Honus sighed. “I’m no Seer. Yet that’s the real question. If we did her good, my reason’s unimportant. And if she comes to harm, good intentions matter not.”

Yim wanted to press him for a less evasive answer, but his expression discouraged her. Instead she asked, “Will you hunt today?”

“I’m too tired. Tonight, you must forage or fast.” He noted how Yim’s expression darkened and added, “Surely you don’t begrudge her our sack of grain.”

“She thanked
you
for
your
generosity,” replied Yim, “but I, too, will go hungry.”

“I’m certain she was grateful to us both.”

“We have a saying back home: ‘You thank the goat’s herder for the milk, not the goat.’ She knew I was your property. In you, she found comfort. In me, she found someone to pity.”

“If that’s true, then you’ve given her more comfort than I.”

Yim glared at Honus bitterly. “How wonderful for her! She’s found someone more miserable than herself!”

Honus replied evenly. “I didn’t make you a slave. I haven’t asked you to endure more than I.”

Yim fought the impulse to throw the pack on the ground. Instead, she said, “It’s true. You haven’t
asked
me to do anything.”

Honus sighed and resumed his brooding. Yim slowed her pace so that she could follow at a distance. They walked this way until Honus eventually stopped and waited for Yim to catch up. “You must carry my pack because Theodus said it’s Karm’s will,” he said. “But I’ll try to make your life easier. I’ll hunt this evening. If there’s anything else I can do, you need only tell me.”

“I want to know who you are,” said Yim.

“What?”

“You asked me what you might do, and I’ve told you.

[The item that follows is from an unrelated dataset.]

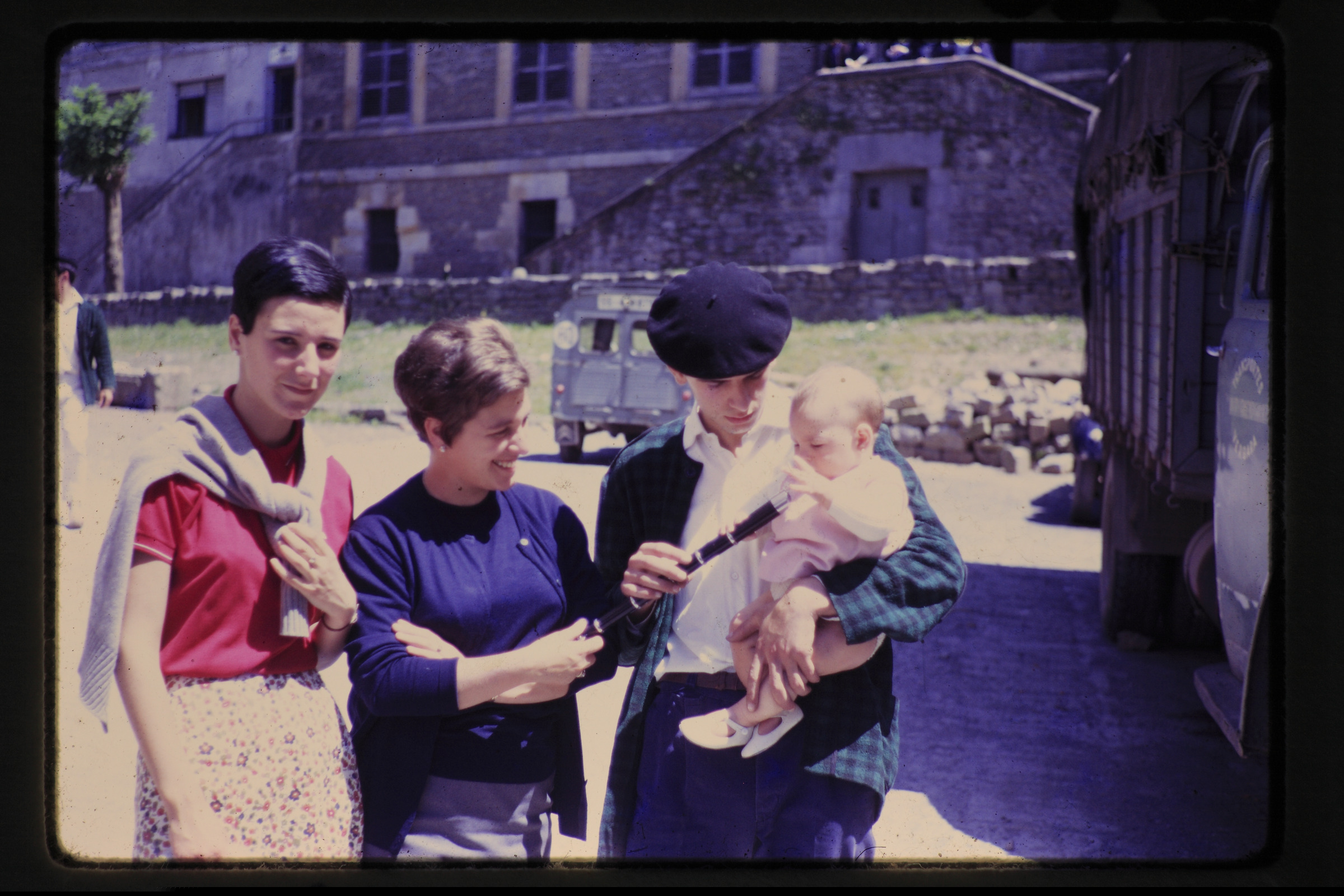 | Concurso de estampas de Pascuas: Txistulari con un bebé en brazos y retrato de dos mujeres en la calle Mizpildi | mayo-68 (ILEGIBLE) |

I’d feel more easy if you weren’t such a mystery.”

Yim smiled at Honus’s discomfort, knowing she had trapped him. He would either have to admit the emptiness of his promise or expose himself to her.

“What would you like to know?” asked Honus.

Yim knew exactly what she wished to ask first. “Why do you trance?”

“It’s a useful skill,” replied Honus.

“That’s half an answer at best,” said Yim. “It reveals nothing.”

A rueful look came to Honus’s face, much to Yim’s satisfaction. “I’ve always had the gift for trancing, even as a child.”

“It wasn’t part of your training as a Sarf?”

“No. Few Sarfs can trance. I was never formally taught the necessary meditations, but picked them up from an older boy.”

“Why would a child want to trance?”

“I missed my parents.”

“Were they dead?”

“No, but they might as well have been. When one enters the temple, all worldly ties are cut.”

Honus’s reply made Yim recall her lonely childhood. “But if they were alive, why trance?”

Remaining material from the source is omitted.